A lombalgia é um quadro que merece atenção especial, pois além de ser muitas vezes incapacitante, é frequentemente subjulgada, tanto pelos indivíduos acometidos como por profissionais da saúde. O quadro não pode ser facilmente caracterizado, devido a grande variedade de sinais e sintomas encontrados nos mais diferentes tipos de pacientes. Podemos citar a sensação de “peso” ou “cansaço” na coluna lombar, de localização difusa e aparecimento ao final do dia ou após atividades físicas de média a longa duração; ou ainda a sensação de “pontada” ou “agulhada”, esta de localização mais pontual, podendo surgir inesperadamente durante ou após um esforço físico intenso.

Espera-se, portanto, que tantos quadros dolorosos distintos estejam relacionados a causas também distintas. A lombalgia pode ter como principais causas: desequilíbrios musculares, hérnia de disco, mal alinhamento ósseo (como escoliose estrutural, por exemplo), encurtamentos musculares e déficit da musculatura estabilizadora profunda. Essa musculatura é denomidada tônica ou postural, composta por fibras vermelhas do tipo I, de contração lenta e alta resistência à fadiga. Essas características permitem que os músculos posturais atuem durante a maior parte do dia, estabilizando a coluna.

Entretanto, quando há fraqueza ou déficit de ativação desses músculos, há uma consequente falha no mecanismo de estabilização, predispondo a coluna a sobrecarga mecânica devido a indesejados micromovimentos articulares. Esse é um dos mecanismos de lesão da lombalgia.

Para tratamento ou prevenção deste quadro, preconiza-se a estabilização da coluna lombar através da ativação e do fortalecimento dos músculos posturais. Para isso, o treinamento de tais músculos é de extrema importância para bons resultados na terapia. Os músculos a serem trabalhados são os músculos do CORE (multífidos – região posterior; transverso do abdomen – região anterior; diafragma – região superior; assoalho pélvico – região inferior), que juntos compõem um centro de força e estabilidade para o tronco.

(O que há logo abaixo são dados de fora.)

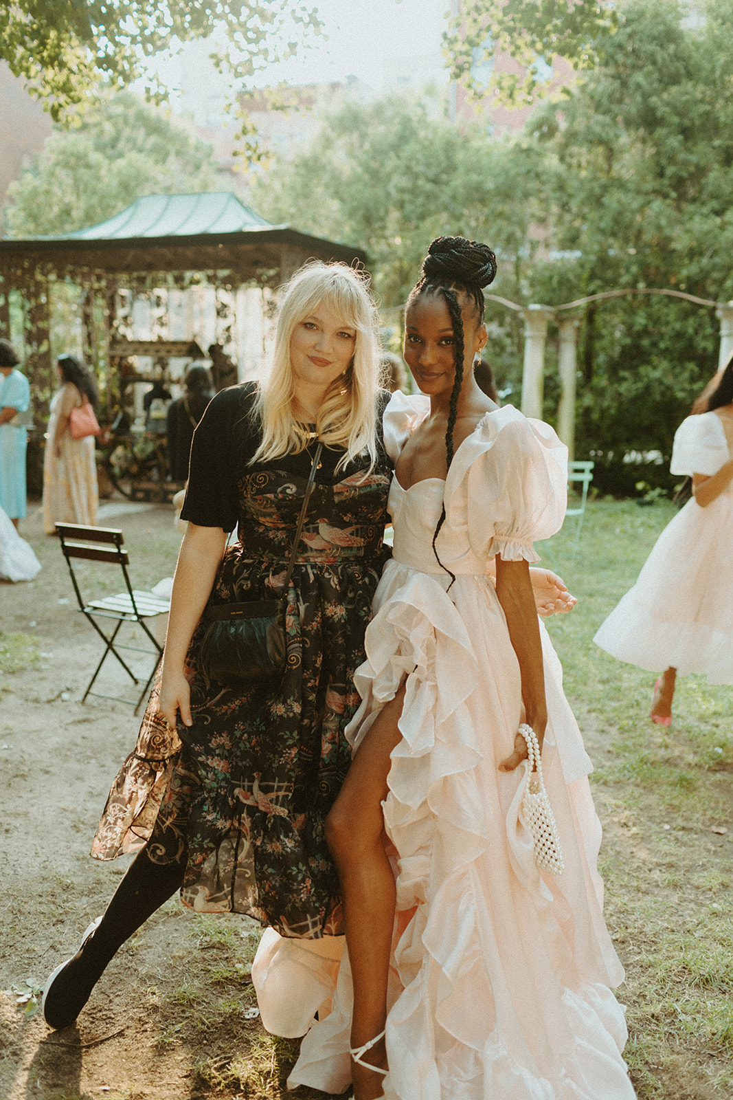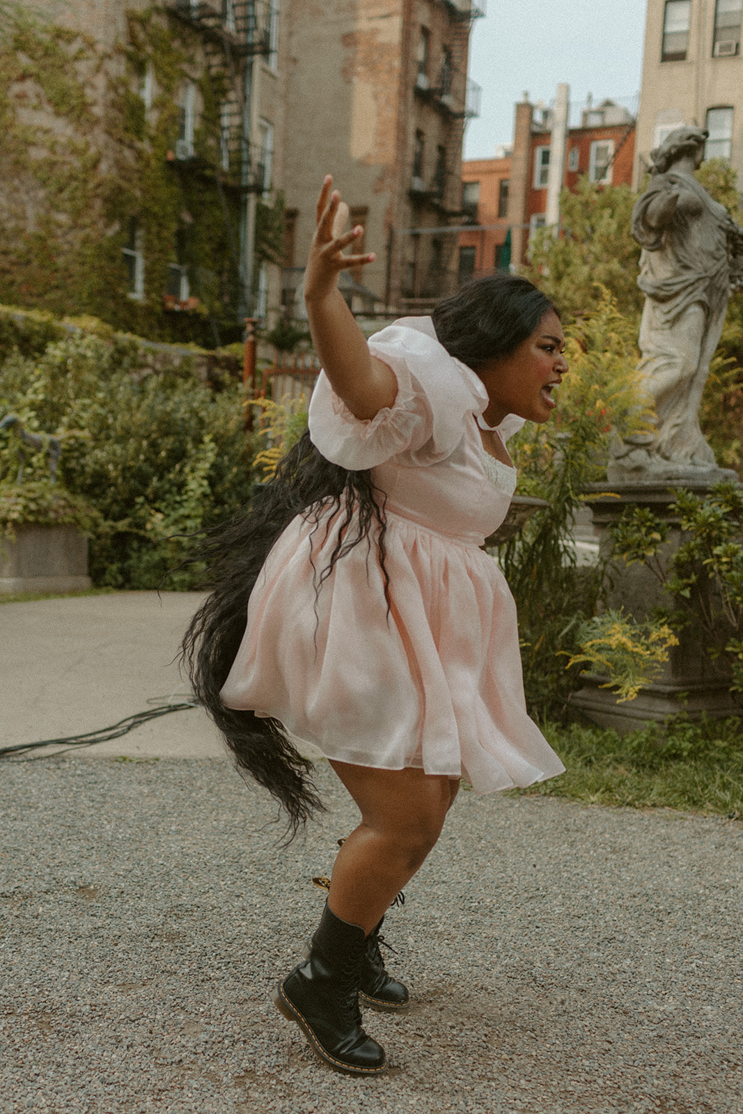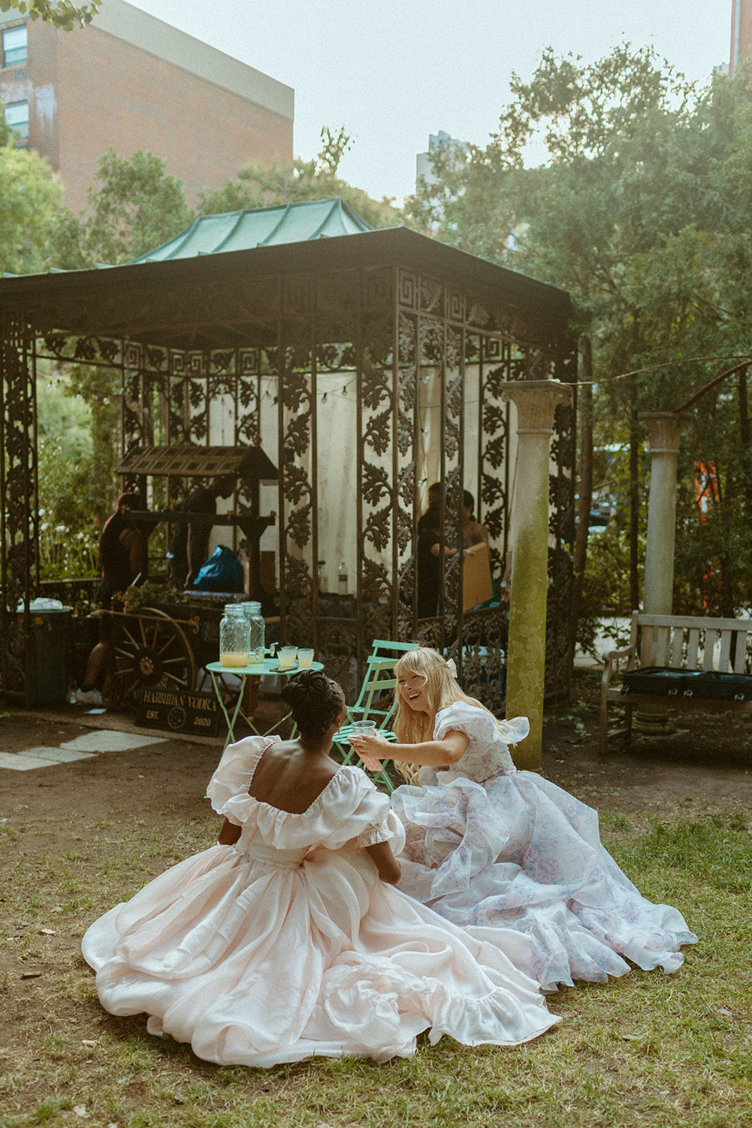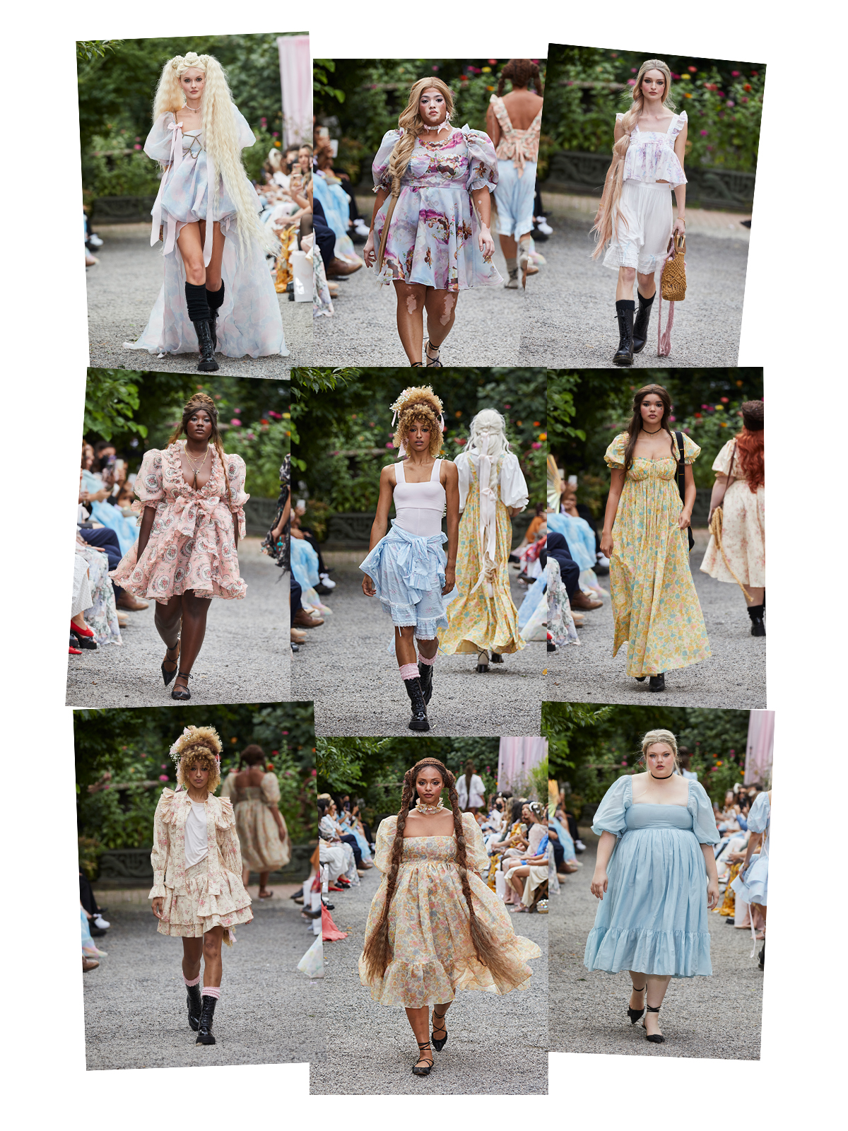 Selkie at fashion week could only be described in one word- surreal, for a multitude of reasons! Watching your brand grow from concept to reality is an indescribable experience, full of twists and unknown outcomes- good, bad, and sometimes devastating. But you find ways to survive. Selkie has in fact survived (dare we say thrived?) and as we approach the light at the end of a covid tunnel (Get Vaccinated!!) hosting a runway show felt like the perfect first step- a Doc Marten step- out of the internet and into real life. Literally! To see the work exploding into real time, stepping through a stunning park in the middle of New York city (please explore how you can help save Elizabeth St Gardens https://www.elizabethstreetgarden.com) surrounded by beautiful, powerful wxmen feels like a fairytale. You may have noticed by now that fairytales are an important way in which Selkie tells stories. Folklore is at the very core of its inception, a Selkie itself a creature of great myth. So it only felt right that it was Rapunzel who came from the darkness in our “Out of the Tower” Spring collection, as she does in her traditional story, trapped in her tower and waiting for life to begin. Not only does she seem to represent our lives in 2020/21, as covid ravaged our world and violently stole our loved ones, our jobs and our economy, but Rapunzel also represents change in that in the end she is freed. We would come out as a brand at fashion week stomping our feet for this freedom, for change minus the "prince" rescue, (thank you very much!) I also wanted this show to represent the change I’ve personally experienced. After the loss of my first brand, to be able to build back something that was taken from me has been life affirming and explosively powerful! Utilizing the joyful, delicate, happy colours of my past and present, all pastels, florals, soft beiges, frothy pinks and of course black, the collection came to be told through giant ruffles, floating gowns, vintage bloomers, baggy T shirts, cotton renaissance dresses and mini fairytale puffs. A dreamy, passionate story so feminine it transverses into punk- “Yep. I’m wearing a ball gown out tonight, so what?” We flew in Arianna Davis, a dancer and my muse, she invokes frisson and tears with her dynamic choreography, her dance transitions us on the runway from the tower to our freedom, cutting her hair live on the runway to tell this story of change. We cut our hair in times of change in a move to regain our power. This spiritual disruption bravely invites the new, and even though we are terrified for what may come, we know our lives will and must change! The collection is a salute to female freedom! It is a walking pastel pink flag crying out “Change is coming!”

FICA A DICA: a contração voluntária dos músculos do CORE é muito difícil, por isso é importante iniciar o tratamento com a conscientização da ativação muscular em posturas neutras e sem a ação da gravidade, como em decúbito dorsal. A evolução da conduta pode se dar através do aumento na dificuldade de manutenção da postura (diminuição de apoios ou base instável, por exemplo) ou acrescentando movimentos funcionais aos exercícios (o gesto esportivo, no caso de atletas).

Ft. Thaís Bortolini Bueno

Referências:
Barr KP, Griggs M, Cadby T. Am J Phys Med Rehabil 2005; 84: 473–480.
Kibler WB, Press J, Sciascia A. Sports Med 2006; 36 (3): 189-198.
Willson JD et al. J Ameri Acad Orthop Surgeons 2005, 13 (5); 316-325.

Sobre o autor spallafisioterapia

Spalla Fisioterapia escreveu 78 matérias nesse site.

A SPALLA Fisioterapia é uma equipe com enfoque na área de ortopedia e traumatologia. Nosso objetivo é ser um ponto de referência em reabilitação. Queremos conduzir com precisão nossa missão de promotores de saúde e proporcionar o retorno de nossos pacientes a sua prática esportiva ou ao seu dia a dia no melhor equilíbrio possível.

One Reply to “Lombalgia x CORE”

Queremos seu comentário...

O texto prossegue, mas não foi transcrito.